### About this exercise
Would you repeat the listing exactly but omit every picture?

### Source data
++++++++
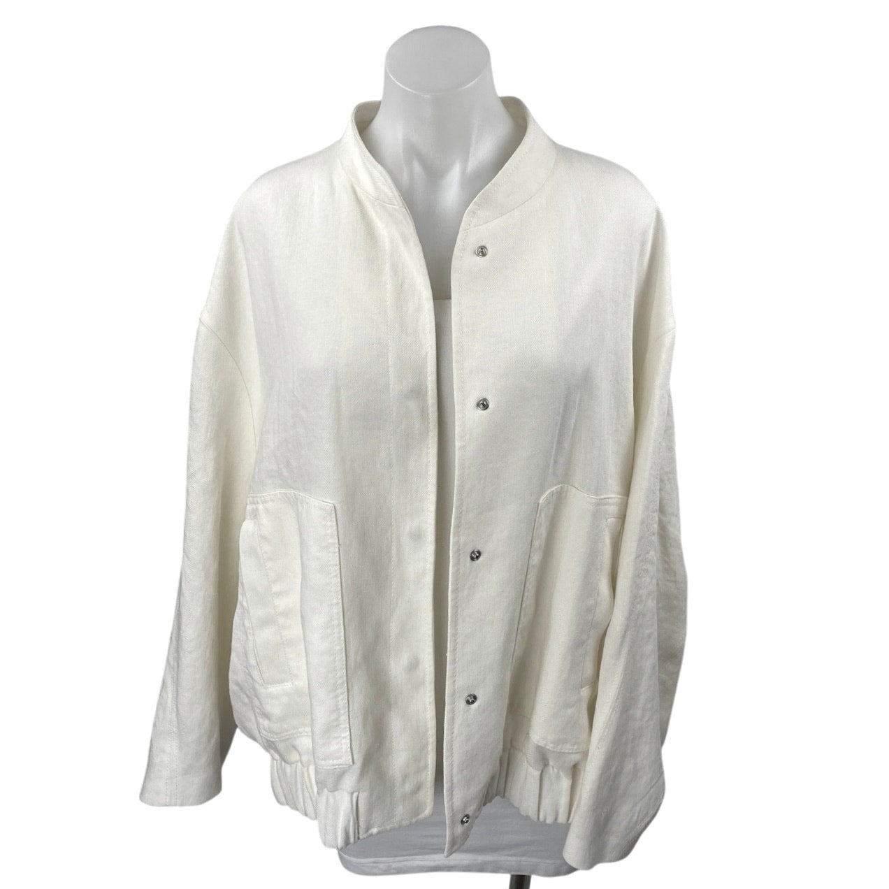 Zara Women's White Snap Button Down Long Sleeve Pockets Oversized Coat Jacket M
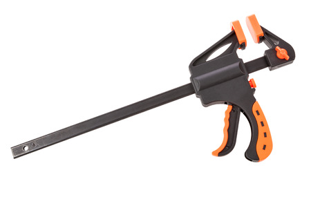 Plastic spring clamp isolated over white background. Equipment for woodworking, carpentry and other handiwork.
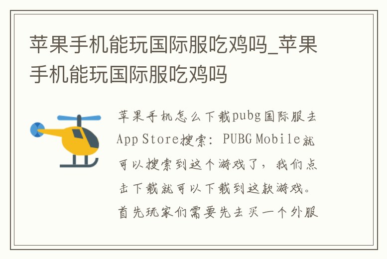 蘋果手機能玩國際服吃雞嗎_蘋果手機能玩國際服吃雞嗎
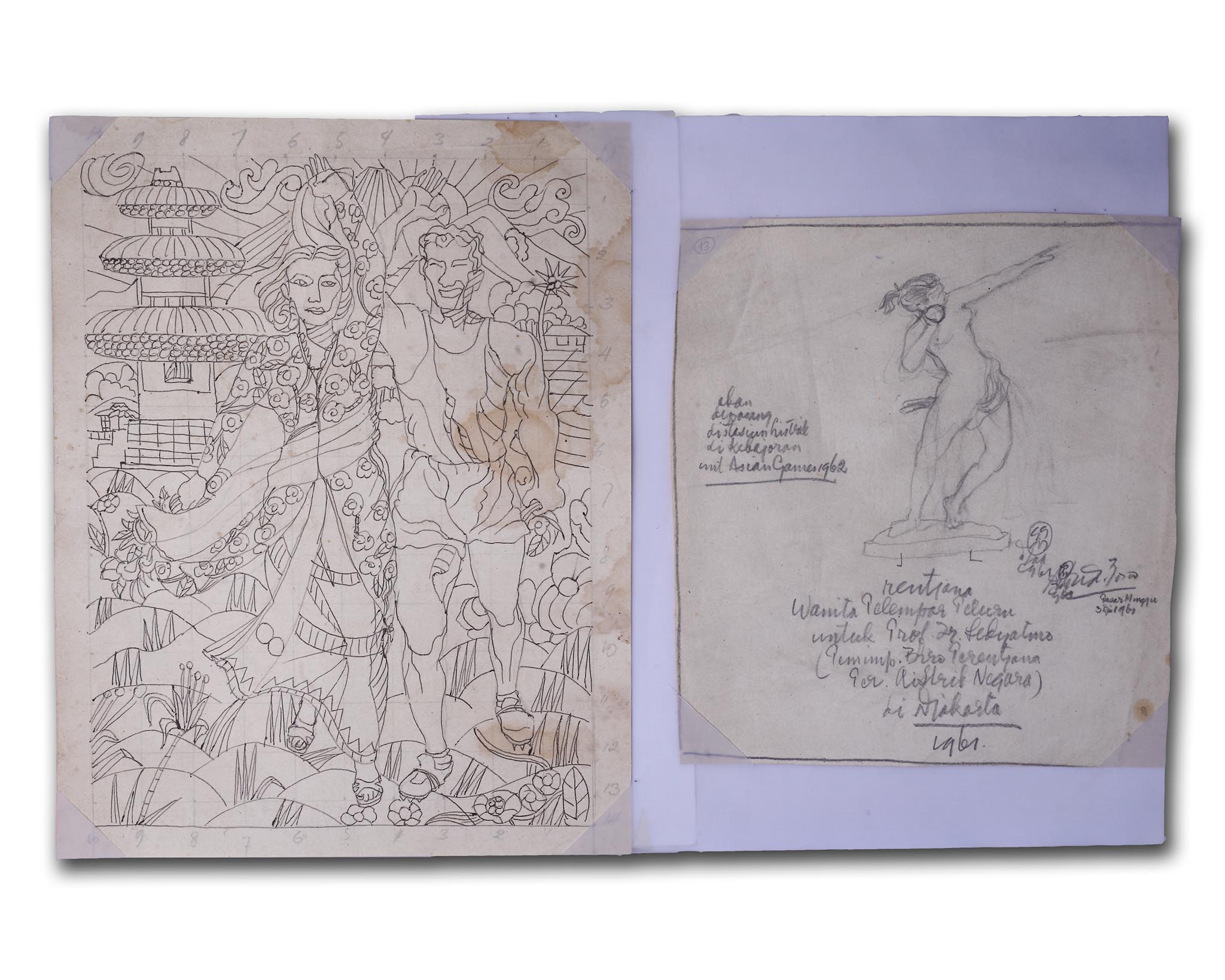 Sketches of Sudjojono depicting the plan of a mural/relief and the sculpture of Wanita Pelempar Peluru (Hammer-Throwing Woman) for Asian Games 1962
++++++++
### Answer for this exercise
 Zara Women's White Snap Button Down Long Sleeve Pockets Oversized Coat Jacket M
 Plastic spring clamp isolated over white background. Equipment for woodworking, carpentry and other handiwork.
 蘋果手機能玩國際服吃雞嗎_蘋果手機能玩國際服吃雞嗎
 Sketches of Sudjojono depicting the plan of a mural/relief and the sculpture of Wanita Pelempar Peluru (Hammer-Throwing Woman) for Asian Games 1962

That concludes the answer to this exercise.